Requirement
The records below hold a stretch from the line with "手表和app之间可以相互发送" through the line with "YANGI YILGA SOVGʻA"; return exactly those lines, ends included, and nothing more.
──────── Given data
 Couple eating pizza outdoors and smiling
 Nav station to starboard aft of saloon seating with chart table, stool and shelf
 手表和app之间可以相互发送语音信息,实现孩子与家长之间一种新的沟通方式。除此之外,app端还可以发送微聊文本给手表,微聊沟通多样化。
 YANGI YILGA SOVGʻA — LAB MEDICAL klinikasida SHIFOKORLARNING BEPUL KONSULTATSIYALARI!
────────────────
──────── Given data
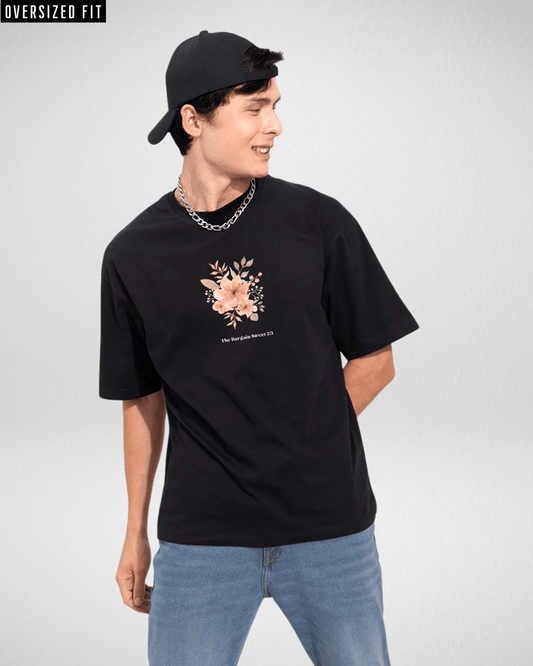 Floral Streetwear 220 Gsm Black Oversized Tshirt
────────────────
Result of this exercise
 手表和app之间可以相互发送语音信息,实现孩子与家长之间一种新的沟通方式。除此之外,app端还可以发送微聊文本给手表,微聊沟通多样化。
 YANGI YILGA SOVGʻA — LAB MEDICAL klinikasida SHIFOKORLARNING BEPUL KONSULTATSIYALARI!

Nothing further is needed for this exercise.